The Cairo Institute for Human Rights Studies (CIHRS) and the Collective of the Families of the Disappeared in Algeria (CFDA) express their continued concern about the state of Human Rights Defenders (HRDs) in the Northern sub-region of our continent. Today, we would specifically like to draw your attention to the deeply worrying situation of these defenders in Algeria and Egypt.
In Algeria, unionists and HRDs continue to suffer police and judicial harassment, especially in the form of arrest, interrogation, and prosecution. In November 2011, the police briefly arrested Nasima Qutal, a member of the Algerian League for the Defense of Human Rights (LADDH) and the National Front for Change, after she announced a hunger strike and sit-in May 1st Square, protesting human rights violations in Algeria. Furthermore, in January 2012, two members of the National Committee for the Defense of the Rights of the Unemployed (NCDRU) were convicted of the participating in unauthorized demonstrations and sentenced to one year in prison, but the sentence was revoked on appeal. Only this week, another member of the same group was arrested during a protest in Algiers and remains in detention, awaiting trial on similar charges.
Organisations struggling to shed light on enforced disappearances from Algeria’s civil war are regularly intimidated by the authorities, including the SOS-Disparu(e)s and the Collective of the Families of the Disappeared in Algeria (CFDA), to force them to drop their truth-seeking activities in exchange for indemnity and the issuance of death certificates for their relatives, without any further investigation of those responsible.
Access to Algeria is limited for foreign human rights activists as well. The Executive Director of the Euro-Mediterranean Human Rights Network (EMHRN) has been denied visas several times in the past, as was Sihem Bensedrine, a Tunisian Human Rights Defender, who was denied entry in 2009 and therefore denied entry again early this year, but managed to enter the country after hours of negociations.
If the situation of HRDs in Algeria was already worrisome, the new law on associations, law No 12-06 of January 2012, only increases governmental restrictions on human rights NGOs. Many of its regulations violate Article 22 of the ICCPR and other international conventions ratified by Algeria.
Official registration of associations advocating human rights, gender equality, or truth and justice for crimes committed during the 1990s civil war can continue to be denied under the new law, and informal organisations prohibited. The vague terms of this law allow authorities to deny registration to associations whose aims are considered "contrary to national norms and values, public order, good morals, or current legal measures and regulations." The law also requires a high number of founding members to establish an association, an unnecessary barrier to entry. Article 46 threatens imprisonment and high fines for anyone who acts on behalf of an unrecognized association.
The new law also tightens governmental control over funding. Only a short list of national funding sources is authorized, while funding from foreign NGOs requires prior authorization (Art.30) and is forbidden to Algerian associations without official "established relationships of cooperation" with the Ministry of Interior. These measures threaten associations that rely on foreign funding – particularly human rights organizations.
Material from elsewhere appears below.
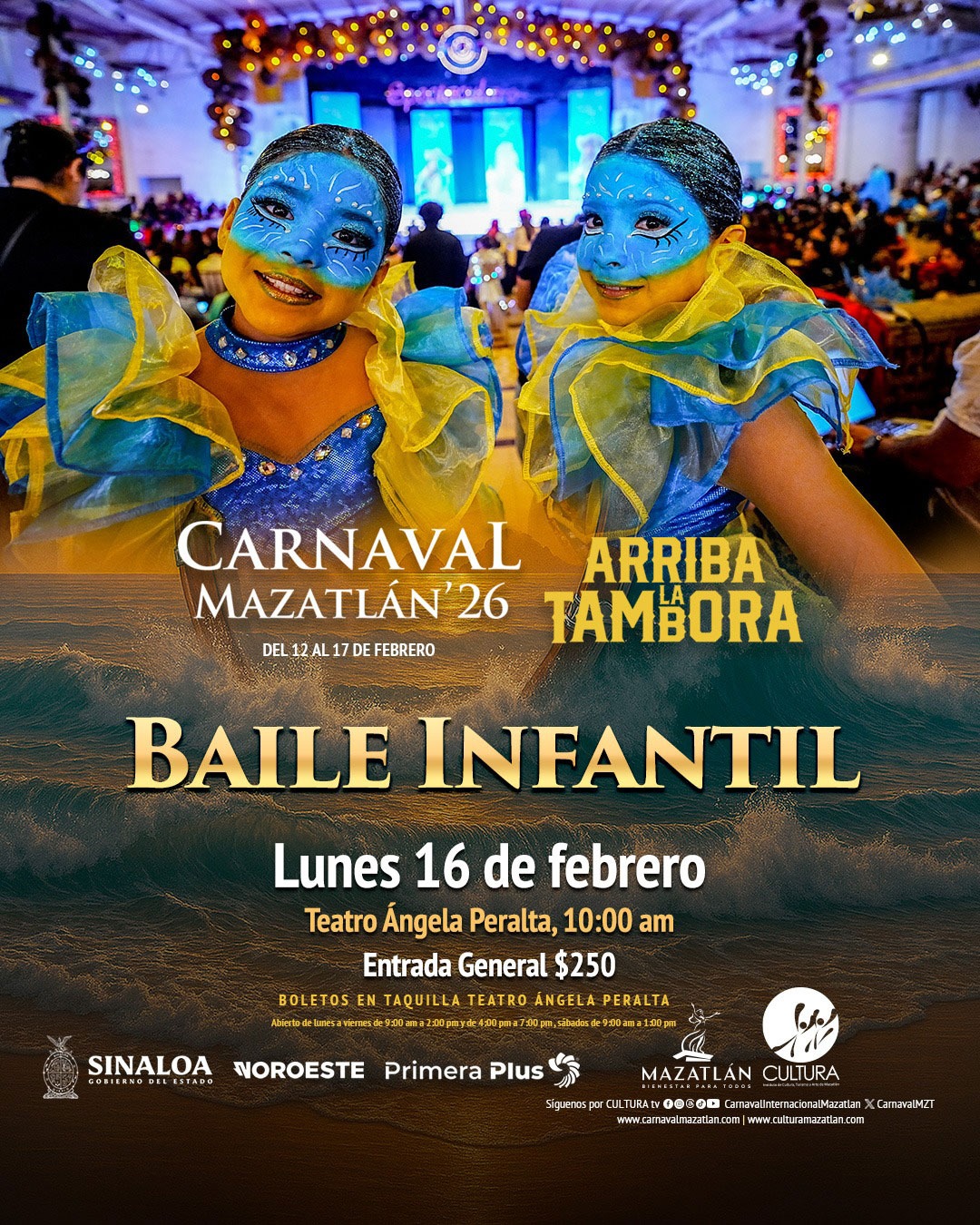 El próximo lunes 16 de febrero de 2026 en punto de las 10:00 horas, el Teatro Ángela Peralta abrirá sus puertas para recibir por primera vez toda la magia y el brillo del Gran Baile Infantil. Este evento, que forma parte de las festividades del Carnaval Internacional de Mazatlán, promete ser un espectáculo sin precedentes donde el talento de la niñez mazatleca será el protagonista en un escenario de clase mundial.

Furthermore, an association can be suspended or dissolved "in the case of interference in internal affairs of the country or attack on national sovereignty" or if it "receives funds from a foreign NGO without authorization" or exercises "activities other than those established in its statute." Importantly, suspension can now be ordered by an administrative decision and dissolution by an administrative court. These measures prevent associations from identifying and criticizing human rights violations.
We would also like to draw the Commission’s attention to the ongoing attacks faced by human rights defenders in Egypt at this time. Independent civil society in Egypt is currently facing the worst crackdown since its emergence in 1985. Since the Commission met in November, 17 NGO offices were raided by security forces and members of the prosecution. National and international workers in foreign human rights and democracy groups were referred to court on criminal charges in what has been known as the "foreign funding case." The decision to lift the travel ban on international staff of foreign organizations does not halt the prosecution of these NGOs and their staff members. In fact, almost all national and international independent human rights organizations in Egypt are facing a severe government-led smear campaign aimed at defaming these groups before the Egyptian public, labeling them as foreign agents aspiring to disturb public stability and divide Egypt, and continue to face the threat of judicial investigations.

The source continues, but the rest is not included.